Ethics and data
Responsible by design, not as an afterthought
Applying AI to cultural heritage raises questions that go beyond the usual checklist: biased training data, copyright on collections, and the risk of distorting the stories heritage tells. The project treats these as research questions in their own right.
The framework
An AI ethics assessment framework, applied throughout
Early in the project we develop a dedicated AI ethics assessment framework, due in month 12. It draws on cross-sectoral principles such as the GDPR and the UNESCO recommendation on AI ethics, and on AI-specific frameworks like the EU AI Act and the guidelines of the European high-level expert group on AI.
The framework is not a document that gets written once and shelved. It guides how models are selected, how data is prepared, and how the proofs of concept are evaluated.
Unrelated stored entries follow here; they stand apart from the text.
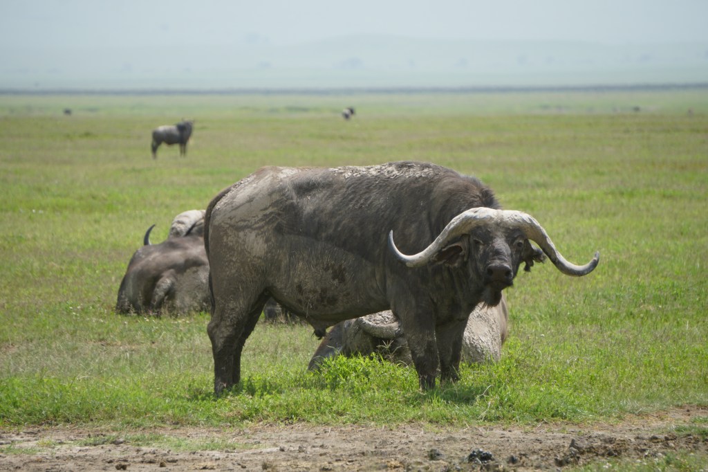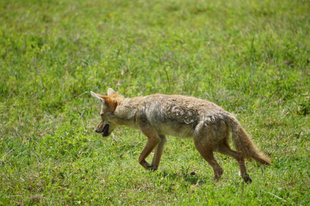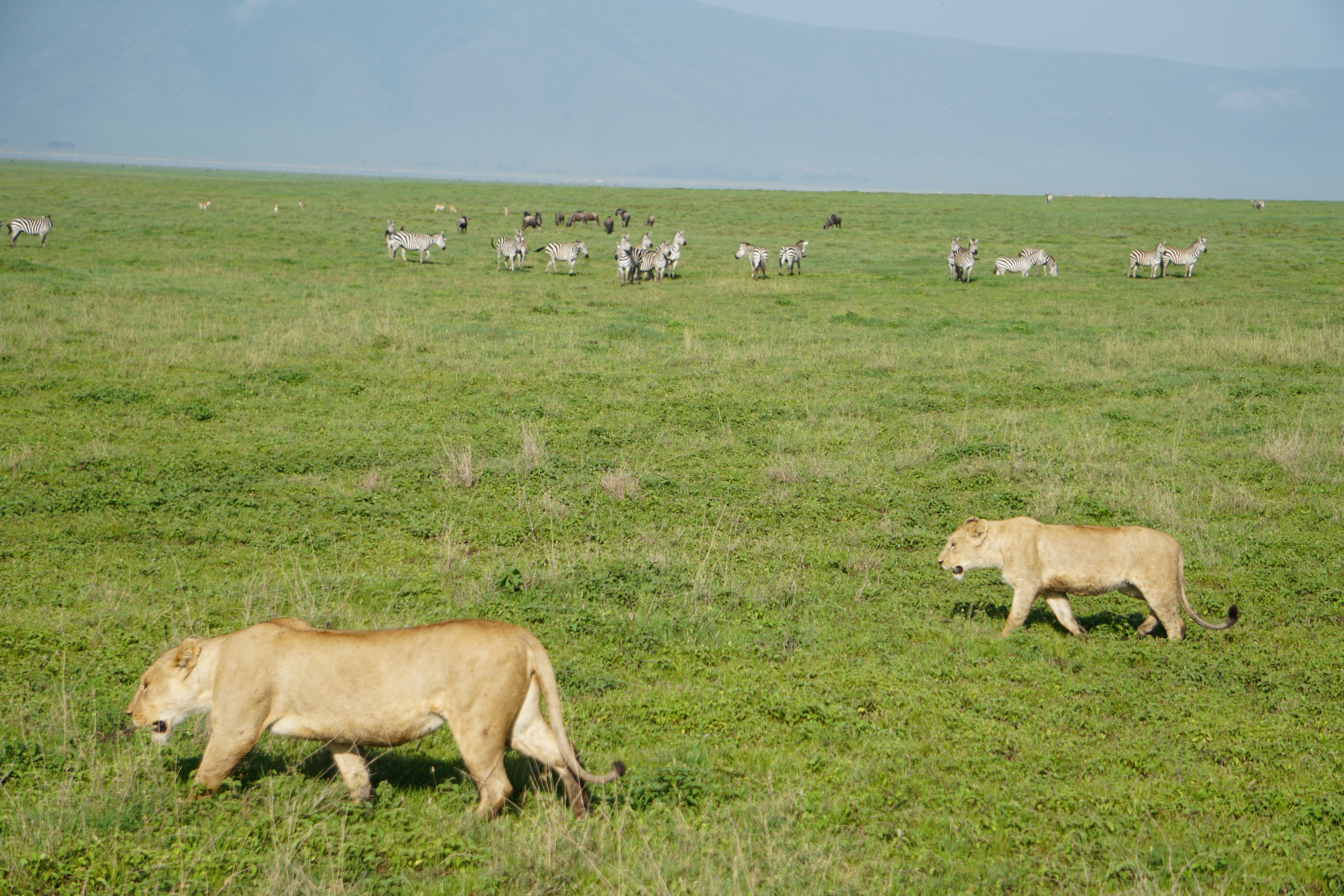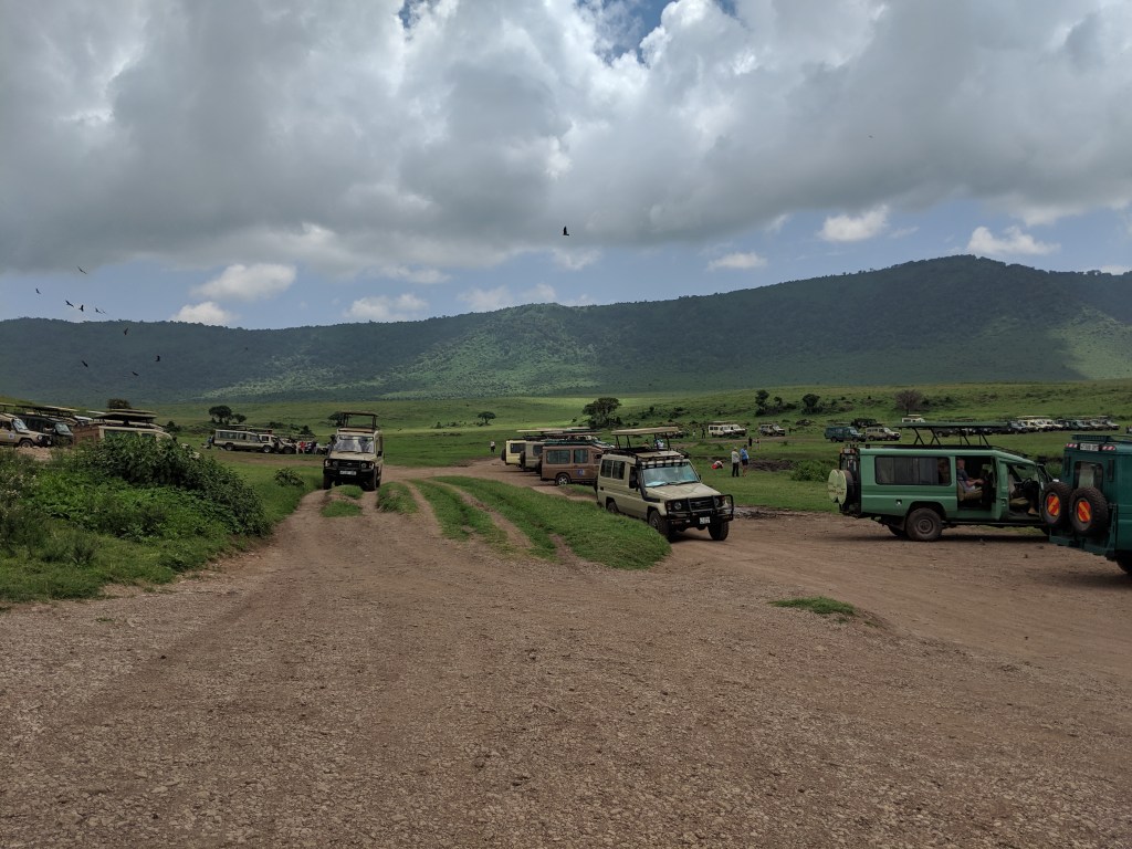 We quickly descend into the vast crater with long views in all directions. We spot an Augur buzzard perched atop a tree, Thomson’s gazelles, hyena, a foraging stork, and then there is word that there’s some lions on the move. The caravan of safari vehicles is quick to converge to see the lions. There’s one papa simba amongst the 11 and they move slowly across the grassy terrain. They eventually cross our path and stroll right by the vehicle. It’s simply amazing.
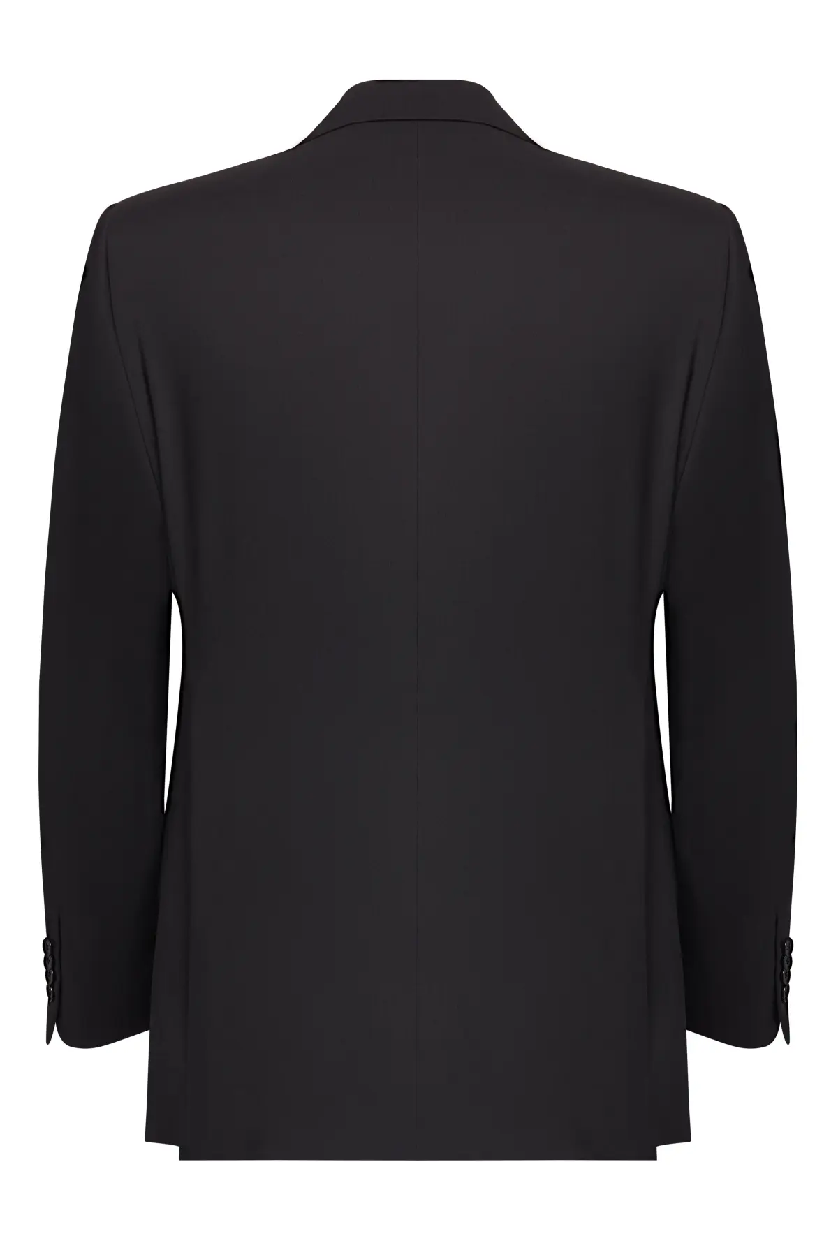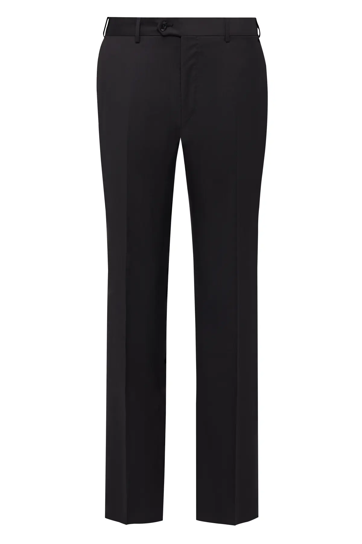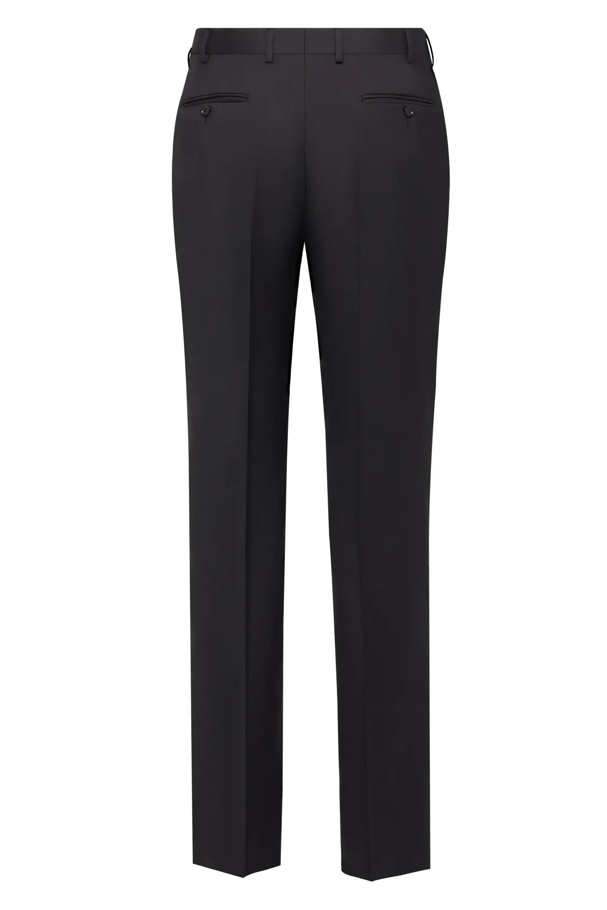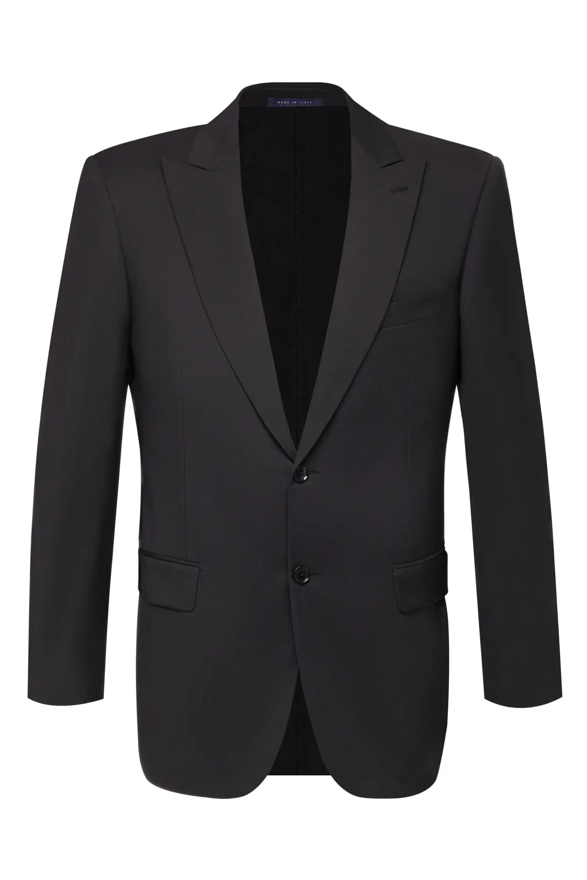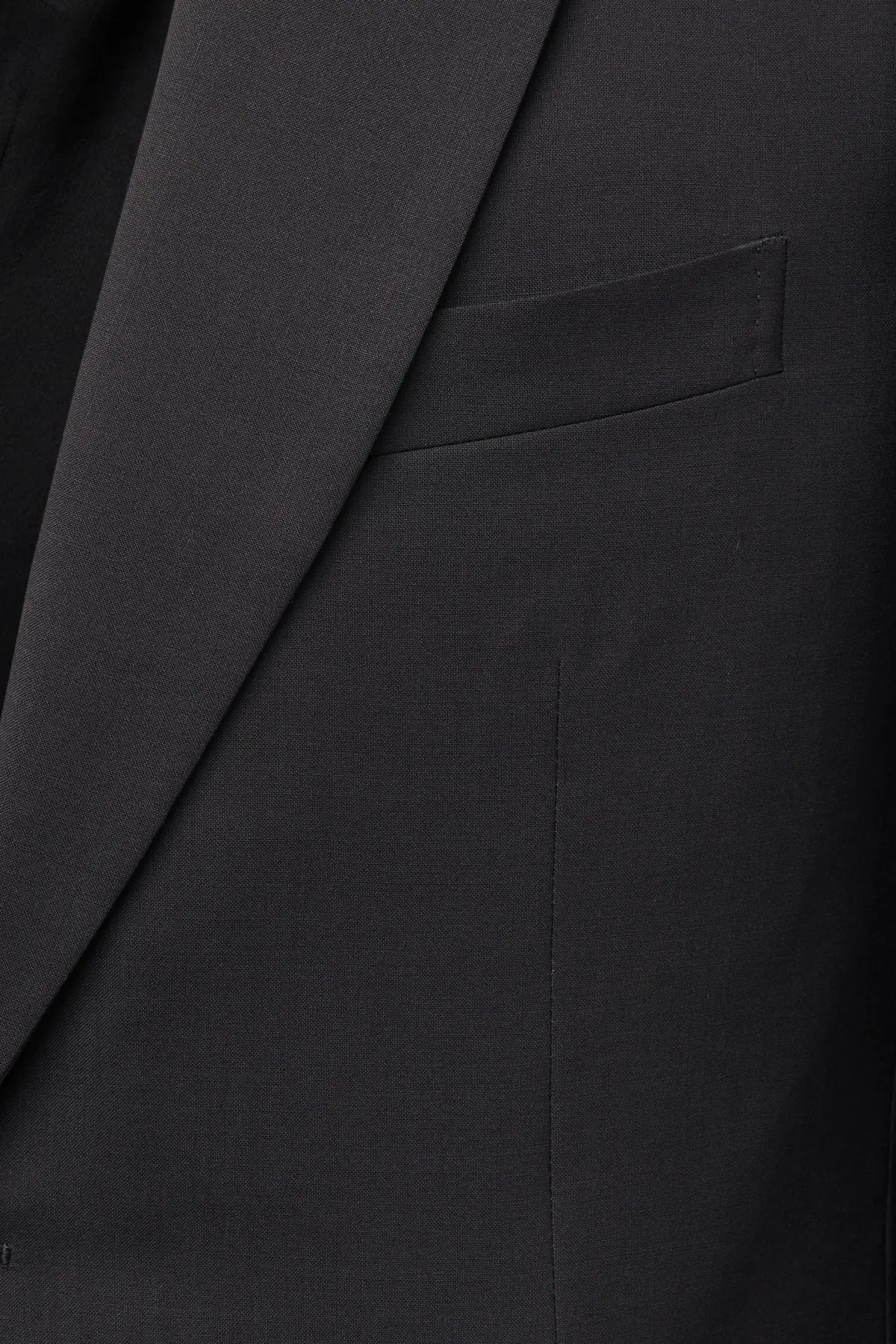 Однотонный темно-графитовый костюм с безупречно строгим силуэтом. Однобортный пиджак на две пуговицы с классическими лацканами и карманами с клапанами дополнен прямыми брюками со стрелками, визуально вытягивающими фигуру. Лаконичная модель для деловых встреч, официальных мероприятий и дресс-кода в консервативном офисе.
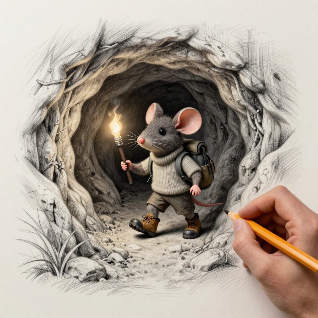 This image shows a cute, anthropomorphic mouse hiker with a knapsack and torch stepping out of a cave. It combines 2D line art with realistic 3D rendering, creating a tactile, graphic illustration.
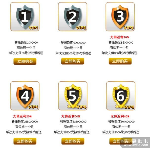 | 购买额度 | 赠送VIP | 充值返 点 | 转账额度 | 有效期 | 免费表情 | 银行功能 | 禁言 | 踢人 |
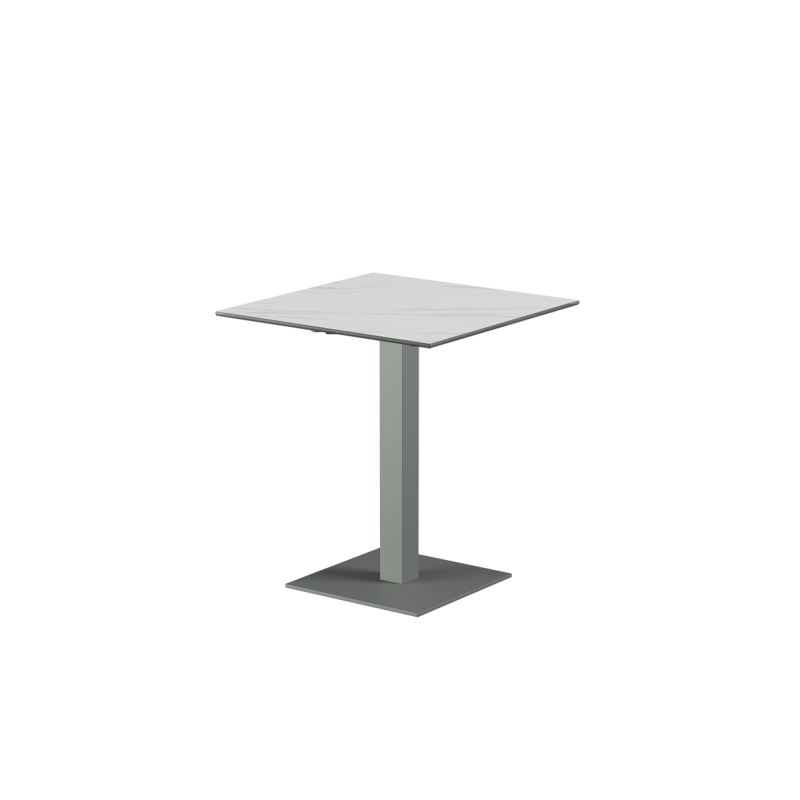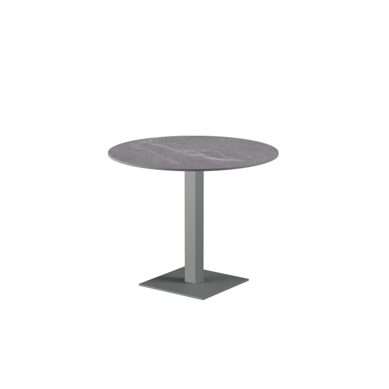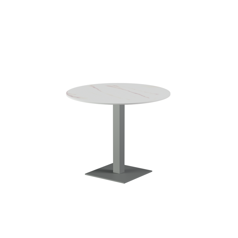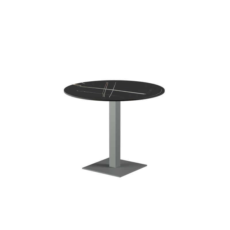 Socles disponibles : 45×45 cm, 40×55 cm, double socle ALFA DUO 40×70 cm, socle rond Ø 45 cm, ainsi que des piètements de bar hauteur 108 cm en 45×45 cm et 40×70 cm.

In concrete terms, the project commits to:
- monitoring compliance with legal and institutional ethics standards;
- documenting how AI models are evaluated and selected, for transparency and accountability;
- actively identifying and addressing biases in data and algorithms, including socio-cultural, geographic and historical biases;
- addressing heritage-specific risks such as narrative distortion, decontextualisation and the misrepresentation of marginalised communities, through interdisciplinary dialogue and scenario-based testing with heritage professionals.
Throughout the project, an AI ethics issue log records the dilemmas we run into, the decisions taken and the mitigations applied. It is a transparent audit trail of how ethical reflection actually shaped the work, and it feeds into a final ethics report at the end of the project.
Research data
FAIR data, kept safe and kept local
A living data management plan
A data management plan aligned with the FAIR principles is delivered in month 6 and updated throughout the project. It covers collection, annotation, storage, versioning, access, sharing and long-term preservation.
The 3-2-1 backup rule
All project data is protected by a backup and security strategy following the 3-2-1 rule, combining institutional and external storage with controlled access and periodic restore testing.
Local AI by necessity
Some datasets are confidential and cannot be sent to external services without absolute guarantees. So the models come to the data: processing happens on the institute's own servers and GPUs.
Inclusivity
Whose heritage, whose data, whose AI?
Heritage collections reflect the times that produced them, including their imbalances. When an AI model trained on such data enriches a catalogue or translates a record, it can quietly amplify those imbalances. The project examines this directly: training data of candidate models is scrutinised for underrepresentation and stereotypes, outputs of the proofs of concept are checked for biased results, and metadata enrichment avoids gendered or cultural assumptions that the source material does not support.
The same lens applies to the project itself. Use cases are gathered from a diverse range of stakeholders, dissemination targets all audiences in inclusive language, and internal workshops build AI literacy across the institute, so the benefits of these tools are not reserved for the technically inclined.